Discussion in 'General Instruction [BG]' started by thrash_jazz, Jul 8, 2002.

  1. thrash_jazz


    Jan 11, 2002
    Ottawa, Ontario, Canada
    Artist: JAF Basses, Circle K Strings
    I once heard a story (don't know if it's true or not) about a professional piano player who went to prison for several years. After he was released, he was supposedly playing better than he was before, in spite of the hiatus. When asked how, he said he simply visualized himself playing.

    Now, I'm NOT saying this is a substitute for actual practice, because nothing is, but I've recently tried something similar and I HAVE found it to work (for those moments when you're away from the instrument) If a song or melody or whatnot pops into your head, or if you hear a song on the radio, try to visualize the proper notes being played on bass.

    It's a bit tricky at first, but as I said, I've only been doing this a short time, and I've noticed a difference already. I find that picturing the fingerboard of the bass helps to focus your attention on figuring the song out.

    Any thoughts on this?
  2. LiquidMidnight


    Dec 25, 2000
    I agree. I was just listening to a song yesterday (forget what it was) and I was listening to this simple little riff the bassist was playing, and I said, "By golly good sirs, that gentleman is playing a minor 2nd interval". Well, I didn't exactly say that. :D But you get the point. I think the more you play, the more you hear different phrases, intervals, licks ect. in songs you've never played. You even start to pick up on chord progressions and riffs that are the same from song to song.

    Also, since I've seriously began wood shedding on techinque and theory something begun to happen which never happened before: I would hear lines and melodies in my head before I even played them. I don't know if it's because I know more about music before I seriously began woodshedding, or if I just all of a sudden became receptive to it, but it makes playing a lot easier. I use to just play notes out of a scale corresponding to the chord. I got by on it, and I got a lot of compliments on my playing because of it, but it started to feel like I was playing the same stuff over and over again. Once I started to hear music in my head before it made it to the fretboard, I thought my playing began to sound fresh again.
  3. iplaybass

    iplaybass Guest

    Feb 13, 2000
    Germantown, TN
    Yes, I do that too. I took several years of Suzuki-style piano, and as a result I have a fairly good ear for intervals. The first time I realized this I was on a vacation listening to a solo bass part to a song and I thought to myself "That sounds like a fifth a sixth and a second." Sure enough, I got home and I was right. I think that by conjuring up melodies in your mind and then figuring out how to play them in your mind probably helps quite a bit when you are trying to think up bass lines on the fly. If nothing else, it keeps me from getting bored on long plane rides.
  4. kirbywrx

    kirbywrx formerly James Hetfield

    Jul 27, 2000
    Melbourne, Australia.
    Do you mean imagine the notes, and then put them onto music paper in your head? Or do you just mean figure out the notes and then youve done it?

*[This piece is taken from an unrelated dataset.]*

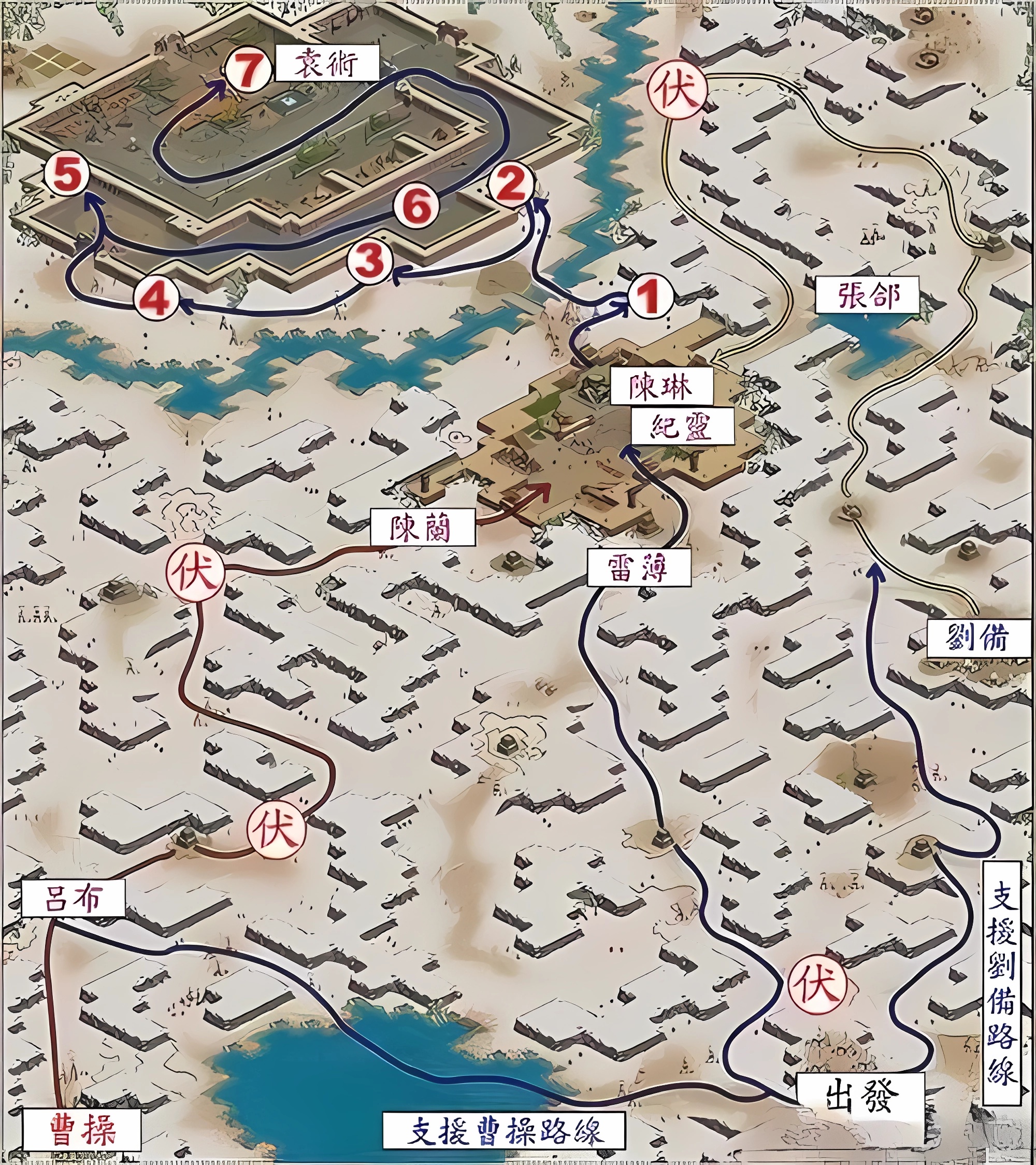 攻略顺序:本关要援助曹操。在战争开始之后不多久,就会有谋士说曹操需要援助,所以若在一开始的时候前去支持曹操,就可以赶上他跟吕布的一场大战。如果放着不帮,曹操一定会被吕布灭掉。安排最强的部队使用疾行立刻前往吕布处,然后在吕布出现的时候放技相助,就可以很实际的击退吕布。之后该部队沿着曹操会经过的路线向上抢攻,将中央营前的陈兰击毙,曹操便不会有大碍。帮助曹操之后在中央会合。中央的大帐里面有一军寨,寨中尚有陈琳与纪灵两将,此帐下方还有个雷薄,打下此处之后,往上打下兵哨,然后将堵在桥上的敌人清光,次第往三个兵哨进袭,之后进入城内,穿过一长廊之后可以往上进击,但是不要轻举妄动,先在其左右四周晃晃,将该处敌军小兵引出,打死之后再冲入,一口气解决袁术。

    I dont know if its just me, but this technique kinda sounds like you already need an established ear BUT that is going from what my mind has heard (and my mind aint too crash hot)
  5. thrash_jazz


    Jan 11, 2002
    Ottawa, Ontario, Canada
    Artist: JAF Basses, Circle K Strings
    Sorta. What I meant was to picture yourself playing the line (correctly) on your bass, at the same time as you hear it. Actually visualizing your fingers on the fingerboard like. I don't mean just recognizing intervals and chords, but actually SEEING yourself playing it perfectly, in the correct key et al. can be just as hard as nailing it right down the first time you hear it!

    Still, I find this really helps, especially when you get ideas and are nowhere near your bass.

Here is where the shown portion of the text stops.